Bankruptcy Risk and Systemic Fragility
The broader economic context raises additional concerns about North Charleston employers' financial health. National Chapter 11 bankruptcy filings reached 1,734 in the last 90 days, with 530 matched to WARN companies, indicating that 30.6% of recent major layoff events precede formal bankruptcy proceedings. While specific North Charleston companies are not identified in the bankruptcy data provided, the elevated default risk across WARN-filing companies suggests that some of the 23 notices in North Charleston may represent restructurings preceding formal insolvency rather than cyclical workforce adjustments.
Major employers with elevated distress signals—including Wells Fargo (11 WARN notices, 1,323 employees) and Sodexo (10 WARN notices, 1,414 employees)—demonstrate that companies filing multiple WARN notices often face compounding financial challenges. While neither of these companies is listed as a primary North Charleston employer in the dataset, the pattern suggests institutional fragility in large employers' operations, particularly in financial services and food services sectors that contract during economic downturns.
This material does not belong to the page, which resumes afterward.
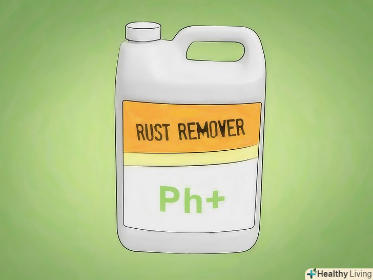 Використовуйте засіб для видалення іржі з низьким вмістом кислоти. через кислоти фарба може потьмяніти або зовсім відпасти. Щоб не нашкодити пофарбованої поверхні, постарайтеся використовувати засіб для видалення іржі з нейтральним або високим показником рН, тобто з помірною і низькою кислотністю. Пошукайте засіб для видалення іржі з нейтральним показником рН в місцевому господарському магазині. [5]

North Charleston's diversification across aerospace, hospitality, information technology, and professional services provides some resilience against sector-specific shocks. However, the overlapping layoff cycles across seemingly unrelated industries—from hotels to call centers to aerospace suppliers—suggest that the city faces both cyclical and structural headwinds. The national JOLTS data showing 1,721,000 layoffs and discharges in February 2026 indicates a moderately tight labor market with sufficient hiring (4,849,000 hires) to absorb displacement. But for workers in specialized aerospace, hospitality management, or defense contracting, local job matching remains challenging even in a national context of job growth.
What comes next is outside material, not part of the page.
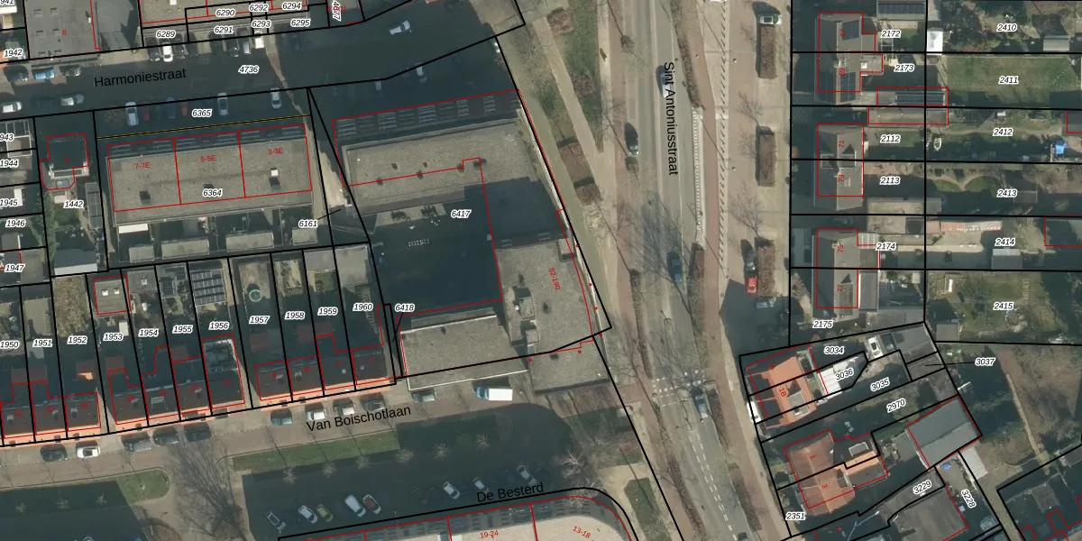 Het perceel waarop Sint Antoniusstraat 150 staat heeft een oppervlakte van 2096 m². Dit is een zeer groot perceel. De perceeloppervlakte wordt geregistreerd door het Kadaster. Gedetailleerde informatie over de maten van dit perceel kunt u vinden in het rapport Kadastrale kaart met maatvoering van Sint Antoniusstraat 150.

North Charleston's economic trajectory depends on whether current layoffs represent cyclical adjustment or structural decline in aerospace and hospitality sectors. The persistence of WARN filings through 2024–2025, despite relative national economic stability, suggests that North Charleston employers face company-specific or sector-specific pressures rather than broad macroeconomic headwinds. This places particular importance on workforce retraining programs, attracting new employers to the region, and developing higher-wage service and technology sectors to replace declining manufacturing and hospitality roles.